Peanut Allergy in Children – a Cause of Concern

By staff

Eating is supposed to be fun for children, but if they experience life-threatening allergic reactions to certain foods, then it’s another story.

Causes

A child’s immune system is generally underdeveloped until after the age of three or four. Until then, children are susceptible to allergic reactions to unknown foods. Normally, reactions could be mild to moderate such as rashes, nasal congestion, wheezing, and diarrhea, occurring right after eating. But sometimes, children can have more severe reactions, especially to peanuts.

Peanuts are not really nuts, but legumes, that contain a protein that can possibly cause a fatal allergic reaction. Other children are so sensitive that even merely breathing in small particles of that food, like on airplanes, can trigger their allergy. Residue of peanut material on a wiped counter top, cutlery, or plates may also induce a reaction. Also, most commercially manufactured food products can contain peanuts as a hidden substance, and this is something that parents should look out for.

Symptoms

The onset of a peanut allergy can be immediate, or delayed for a few hours after ingestion. On the skin, there could be red, bumpy rashes or hives, eczema, or redness and swelling around the mouth, known as oral allergy syndrome. In the gastrointestinal tract, the allergic child might experience abdominal cramps, diarrhea, nausea, or vomiting. In the respiratory tract, the symptoms can range from a runny nose, itchy, watery eyes, sneezing, coughing, wheezing, and asthma.

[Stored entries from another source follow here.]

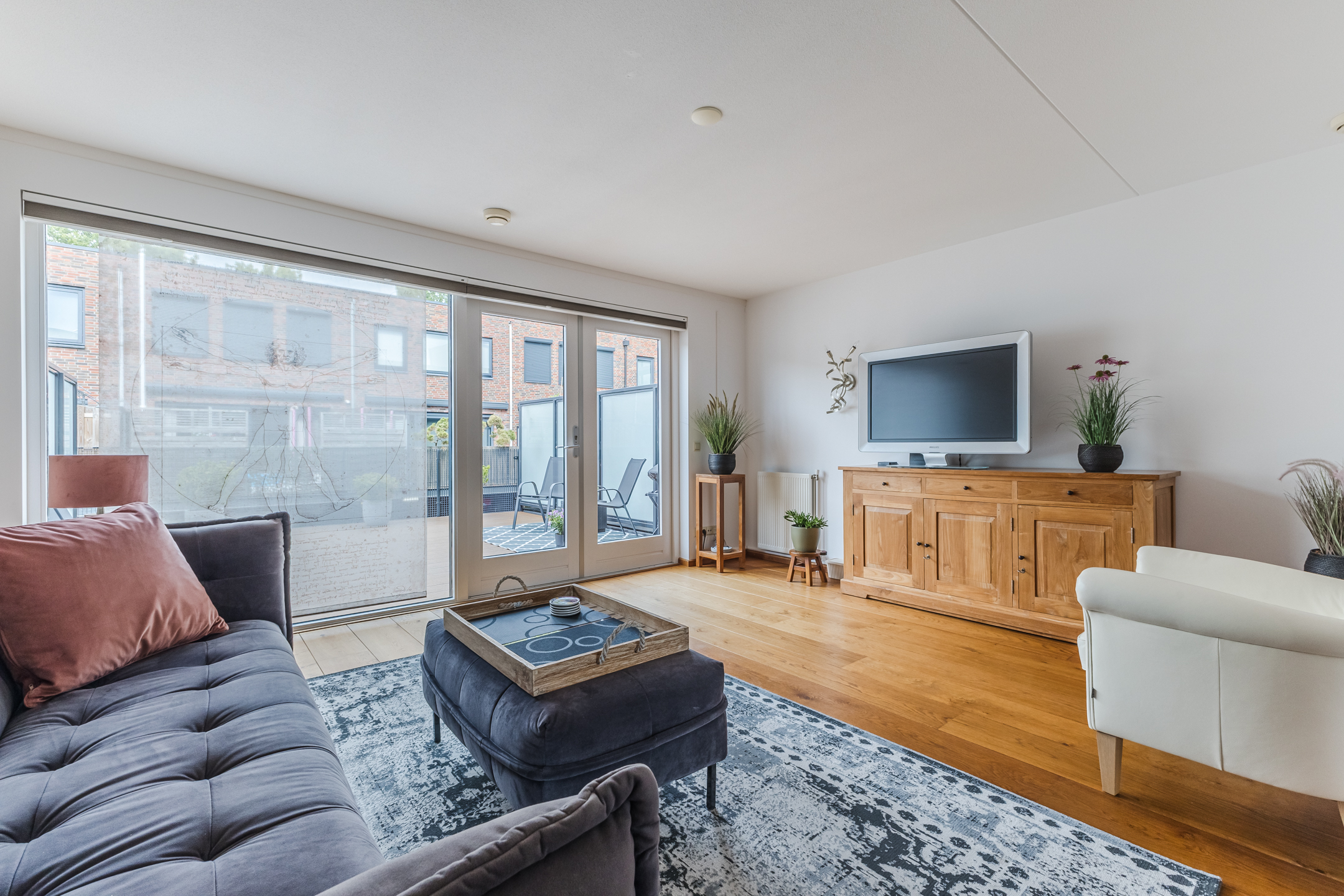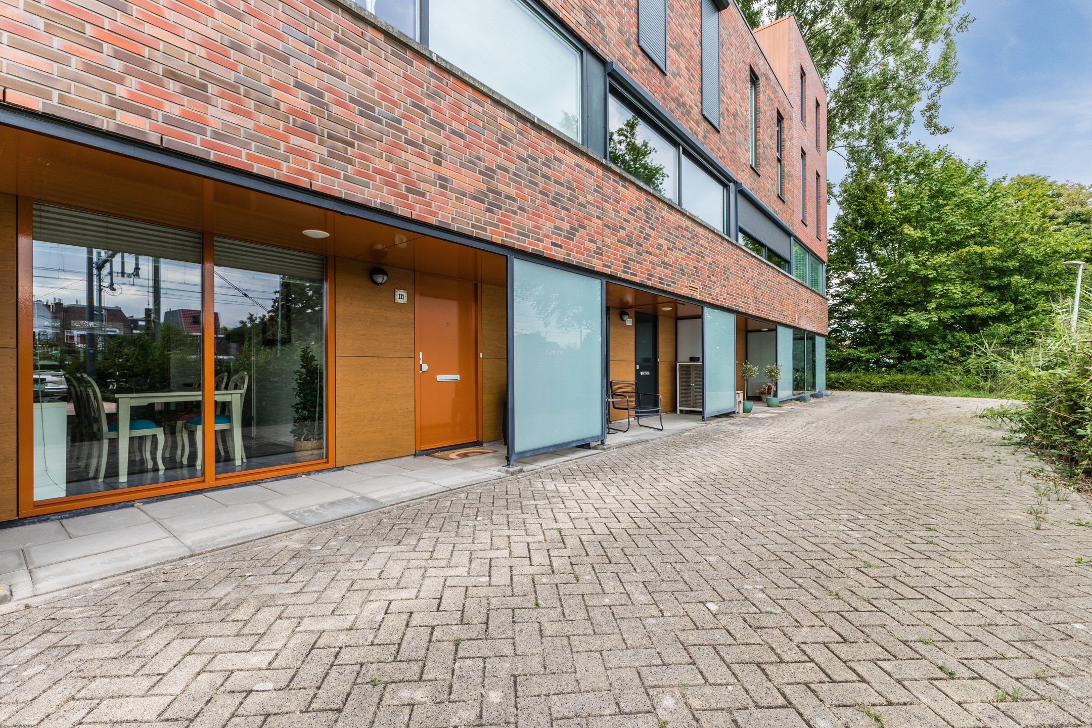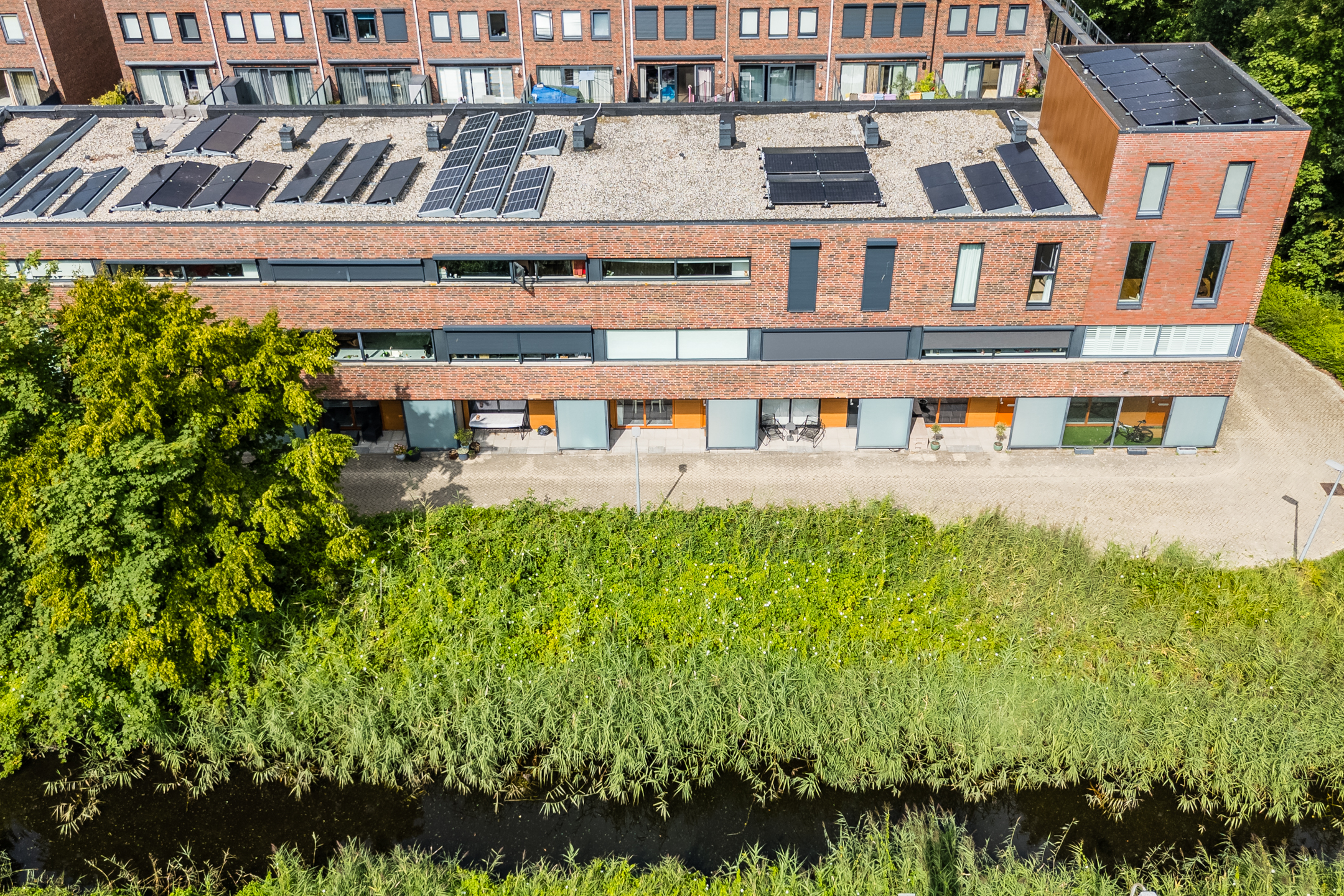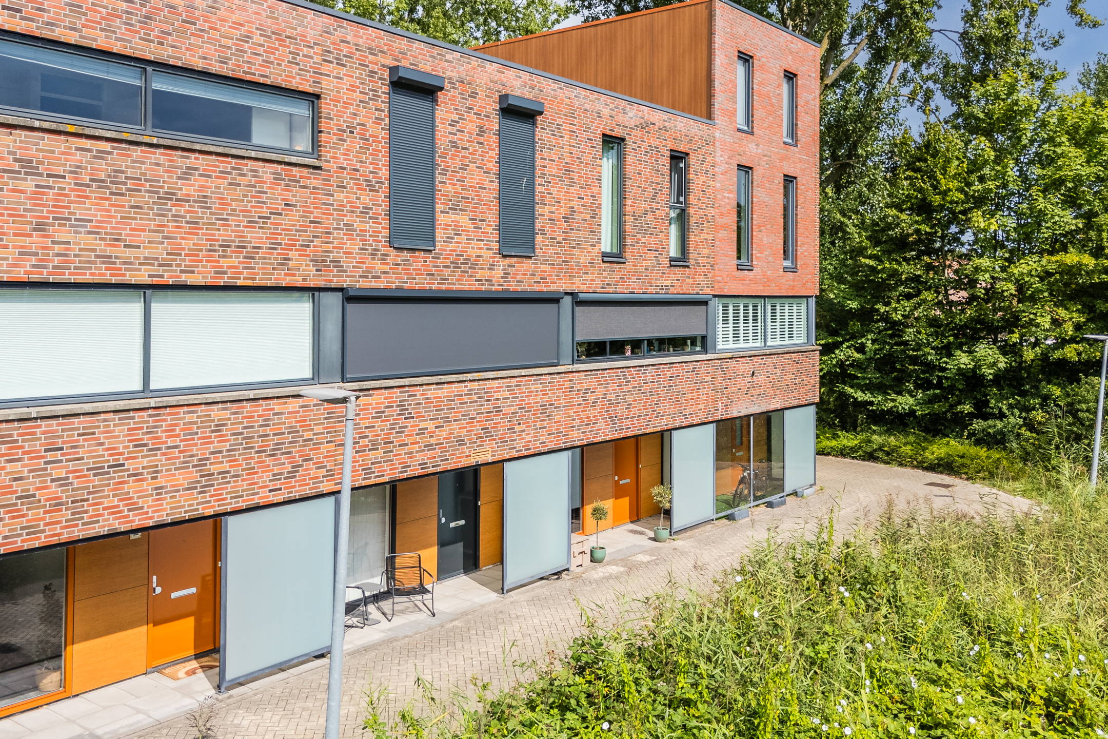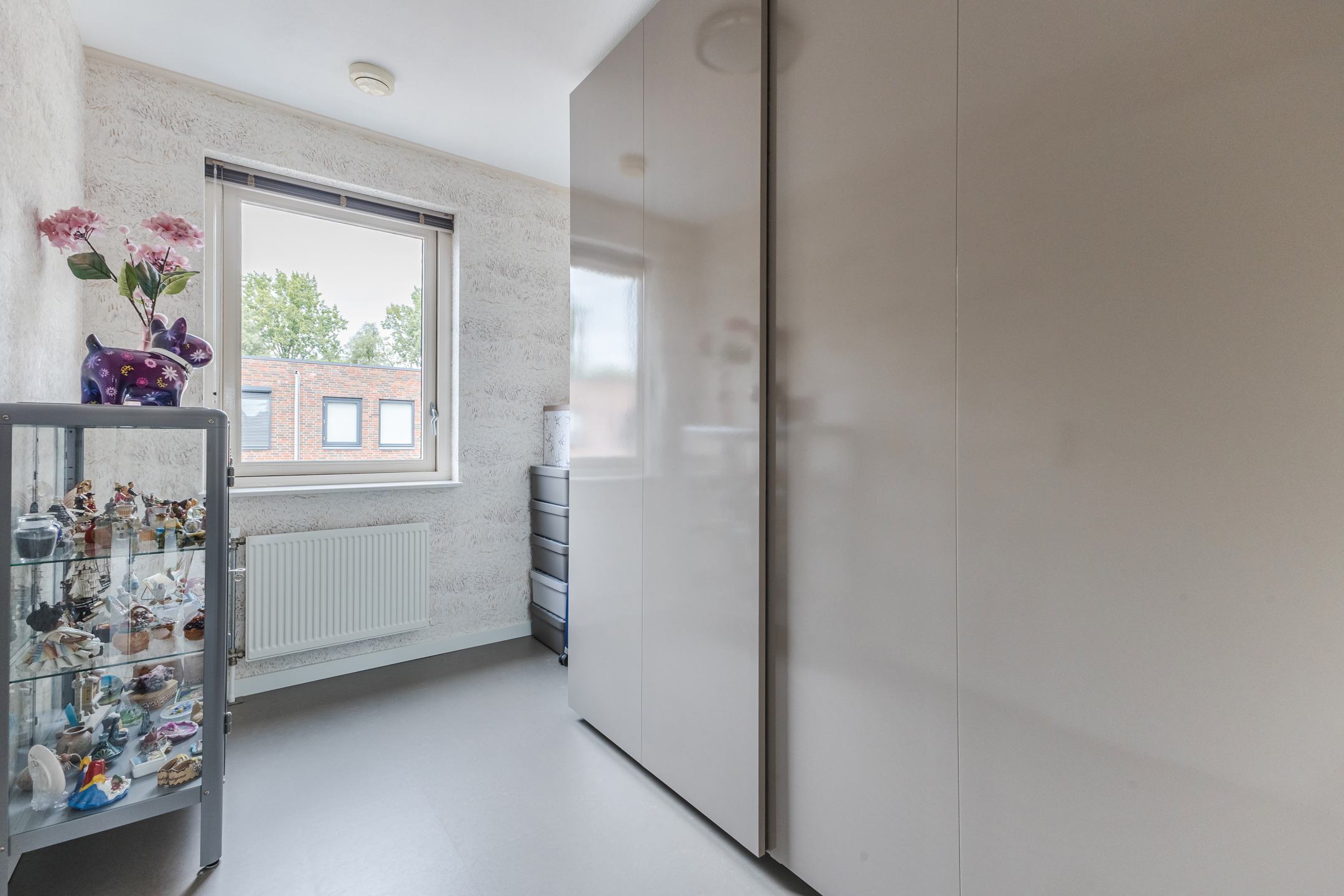 This energie efficient property has a special layout with the living room on the first floor and a ground floor that offers many possibilities for use. In the current layout, you will find here a large living kitchen/dining room with a very spacious utility room, but the realisation of an office/practice space is also very well possible. On the second floor of this large house, you will find the 3 bedrooms and the bathroom.As there are no sloping walls in the house, there is zero loss of space and all floors are of an equal size. From the living room, there is access to a spacious roof terrace of over 25,7 m2 facing the west and therefore enjoys plenty of afternoon and evening sun. Two cars can be parked easily and safely on private property.
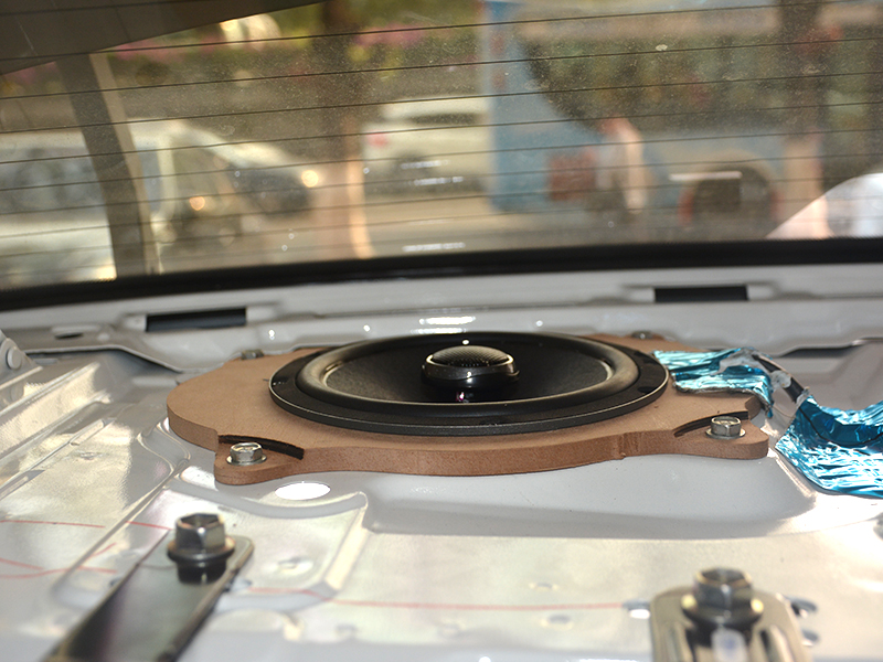 卡羅拉后門沒有喇叭,原車喇叭是在后窗下,本身是6x9寸的,我們做了一個專用墊圈改裝成6.5寸的同軸,
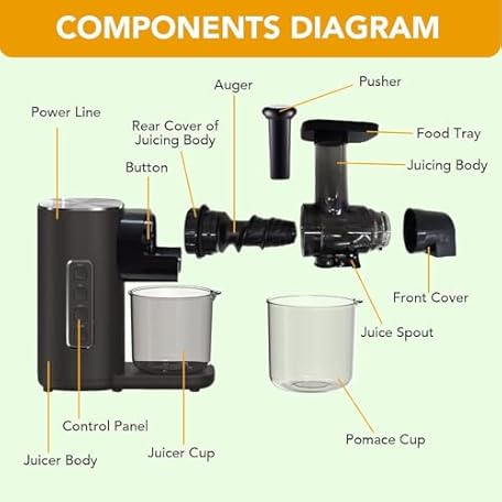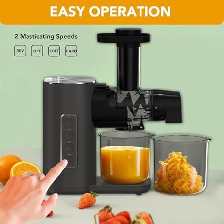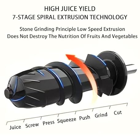 Thông tin sản phẩm QIeAny Silent Masticating Juicer with 97% Pure Juice Rate, 150W Slow Speed Juicer, Fresh Juicer with 2-Speed Mastication Speed+7-Stage Pressing Screw+Residue Juice Separation+Automatic Reversal,Black
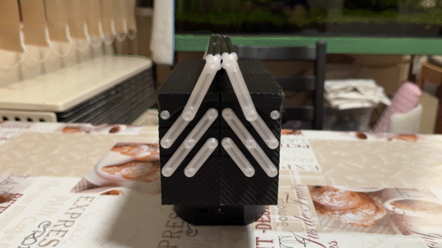 Khi lắp ráp, hãy đảm bảo rằng các "ốc vít" có thể xoay được trong khớp nối, nếu không nó sẽ bị kẹt khi mở hộp.
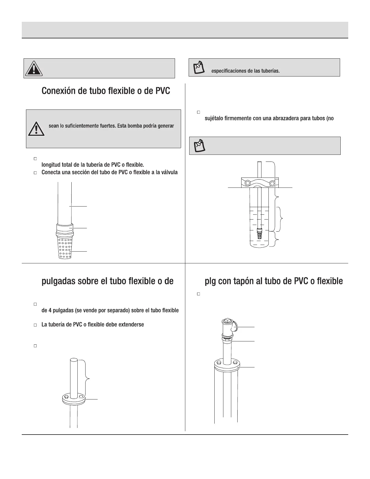 tuberías son débiles, la tubería y la válvula de pie podrían
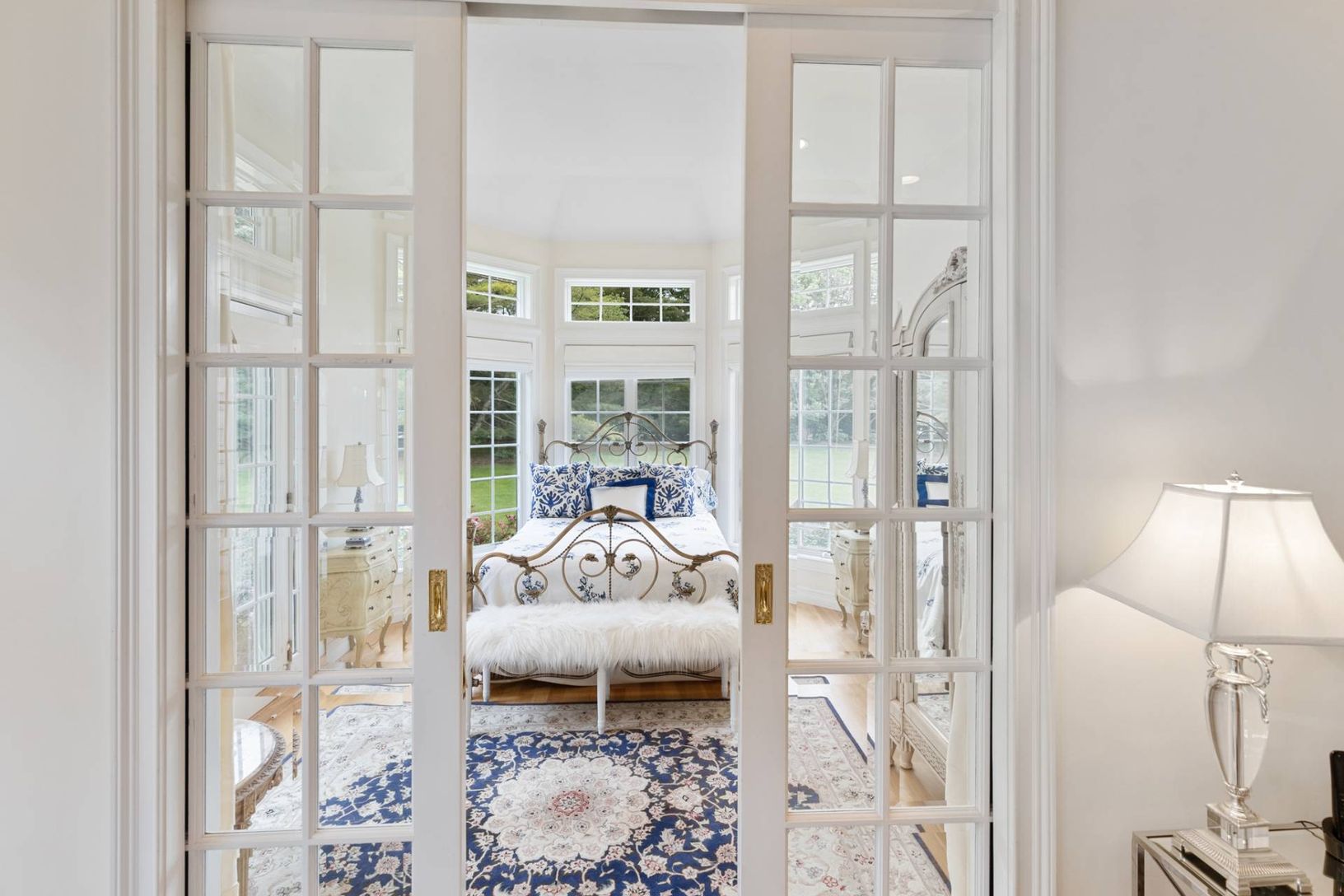 This six bedroom, four and one half bath gated estate in the heart of Water Mill, close to the village and ocean beaches, features spectacular views of an agricultural reserve and a working farm. With a Bose music system throughout the house, five flat screen TVs, radiant floor heating in the master bath and kitchen, a large kitchen with professional Viking appliances, a study, a double height living room, a formal dining room, an octagonal br
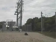 Eighteen paralleling stations are located at approximately six mile intervals[6] along the line. Each contains a single autotransformer (with the exception of Roxbury, which has two), automatic circuit breakers, motor-operated air switches, and a control shed. The autotransformers are rated at 10 MVA, 1.2% impedance, two winding, 27.5 kV.[7]
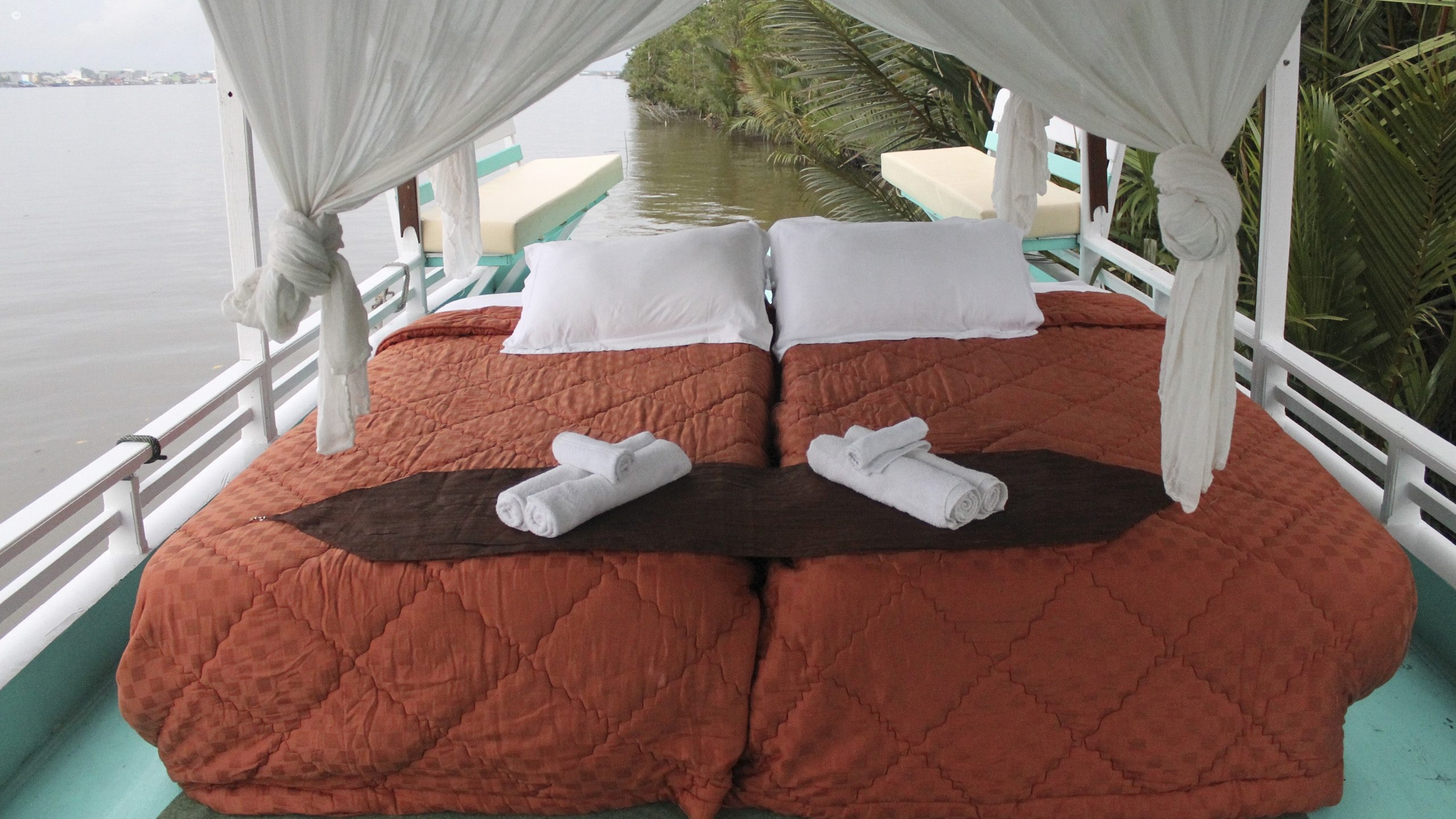 Two air-conditioned guest cabins in lower deck and one double bed on upper deck equipped with mosquito net
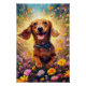 Dachshund Frolicking In A Field Of Colourful Flowe Poster

The child can experience a laryngospasm, characterized by immediate swelling that spreads to the vocal cords as the food is swallowed. If the vocal cords swell shut, the child is unable to breathe and can die at any moment. The second way a peanut allergy can kill is from an anaphylactic shock occurring as long as two hours after ingestion. The shock is due to a sudden blood pressure drop, narrowing of the airways, and tongue swelling, resulting in serious breathing difficulty, and unconsciousness. The reaction progresses so rapidly resulting in death within minutes.

Treatment and Prevention

If peanut allergies are evident in the child’s family history, then doctors recommend not giving peanuts or any other peanut product to children until after the child is age three or four.

During pregnancy and breastfeeding, mothers with a family history of allergies should not eat peanuts, among other problem foods. In breastfed babies, proteins from peanuts that their mother has eaten can be carried into their little bodies through their mother’s breast milk, possibly sensitizing the infant early on in life.

Most food allergies are outgrown, but peanut allergies are usually life-long. Parents should educate themselves about the condition and learn to check product labels for possible hidden peanut ingredients. When eating out, they should take the extra precaution of asking the chef how the food is prepared, or if the food contains peanuts. Inform the child’s teachers and caregivers about his condition, and always have him bring an injectable epinephrine kit every time just in case of a reaction.

Consultations about peanut allergies and other food allergies are better than none, especially if you suspect that your child’s life is at risk.